The helicopters let loose an intense barrage, dispatch their flares, bank sharply and return to attack again. Lt. Col. David Benjamin, the former IDF legal adviser in Gaza, suggests we leave the lookout and move behind a nearby rock. Meanwhile, IDF jeeps race across the path alongside the border fence in front of us.
Benjamin explains that these actions occur on a daily basis up and down the border. Just as the IDF works constantly to keep a small patch within Gaza clear of terrorists, so, too, Hamas makes efforts every day to get through, over or under the fence -- and to engage the IDF. Hamas' success rate has been minimal, he says, and their casualties significant, "but they're still coming, still trying, every day."
The key issue, Benjamin emphasizes, is Gaza's border with Egypt.
"We patrol our land border, and our Navy patrols the sea border," he says, "but the Hamas weapons are smuggled in under the border with Egypt."
Benjamin notes that he drafted some of the legal paperwork that effected the Israeli withdrawal from Gaza two summers ago. "I told my commander when I handed him the documents that we were making history. He said, 'Don't be so sure -- we might be back.'"
Nearby in Sderot, kids play outside during a teachers strike, even though Qassam rockets strike in or near the city every day. As Sderot suffers from the barrage and the flight of thousands of residents, Vice Mayor Aron Malka tells me that crime is at an all-time low and going down.
The community coming together in time of stress, I ask?
"No," he says, "the Bedouins have disappeared" because of the Qassams.
Living in Sderot is "like being in a prison of life," Malka says.
He smiles just a bit when told that artwork from the traumatized children of Sderot is touring venues in Los Angeles.
"That gives us hope," he says. "The Jews will learn of Sderot, and it will give us the strength to stay." Malka was born in Sderot 42 years ago, and he and his family are clearly staying, despite not having a shelter in their house.
Up north, white U.N. helicopters patrol what is supposed to be the Hezbollah-free area north of the Israeli border to the Litani River. Retired Col. Kobi Marom, former commander of IDF forces in the north, points to a helicopter hovering over a Lebanese road that his convoy used to transit regularly.
"Once a man stopped at my truck," he says. "I was going to check him out, but before I could open the door, he exploded on my truck." Marmon and his reinforced command vehicle survived; an officer in the vehicle behind him died.

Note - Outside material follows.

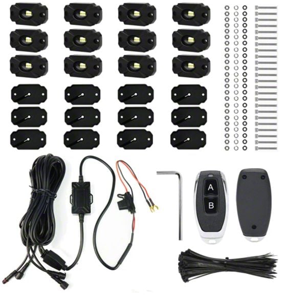 Illuminate Every Terrain. The LED Rock Light Crawler Kit is built to deliver maximum visibility during off-road adventures, rock crawling, or nighttime trail runs. Featuring 12 ultra-bright white LED rock lights, this kit lights up your vehicle's undercarriage, making it easier to navigate obstacles and enhancing your rig's trail-ready appearance in low-light conditions.

Metulla, which sits as close to Lebanon as West Hollywood sits to Beverly Hills, reflects none of the scars of last year's battle. The main streets and malls of Kiryat Shmona, likewise, have been repaired, and everyday life has returned. When I visited this area during the war last summer, I heard the pounding of IDF ordnance flying into Lebanon; this year I hear the sounds of commerce and traffic.
Yet Marom points north and shakes his head.
"They will try attacking IDF patrols again, soon," he says of Hezbollah. "Nothing is more important to them than showing that they can fight Israel."
On the outskirts of Kiryat Shmona, we stop at a memorial to 73 soldiers killed in the crash of two troop transport helicopters 10 years ago.
"I was the commanding officer, and I was here within five minutes," Marom says, "but there was no one to save."
My driver, Roni, looks at the memorial and does a double-take.
"My son was born the night of the crash," he explains. "We celebrated his birth, and then one hour later news of the helicopter crash came on the TV. I saw the name 'Shai' twice -- there were two soldiers named 'Shai.' It just clicked -- we named our son Noam Shai."
After a while, Roni looks at me.
"There's so much meaning here," he reflects. "Or maybe you just create meaning to keep yourself here."
Israel is booming. Ben-Gurion Airport is on track for a record year. Entrepreneurs and foreign investment are flooding the zone. Hotel rooms are a precious commodity. On my recent visit I saw more construction cranes (more investment) and fewer shomerim at restaurants (less fear of suicide bombers) than ever before. And yet I flew home with the feeling that, one day soon, helicopters will again create meaning in Israel.
Jack Weiss is a member of the Los Angeles City Council.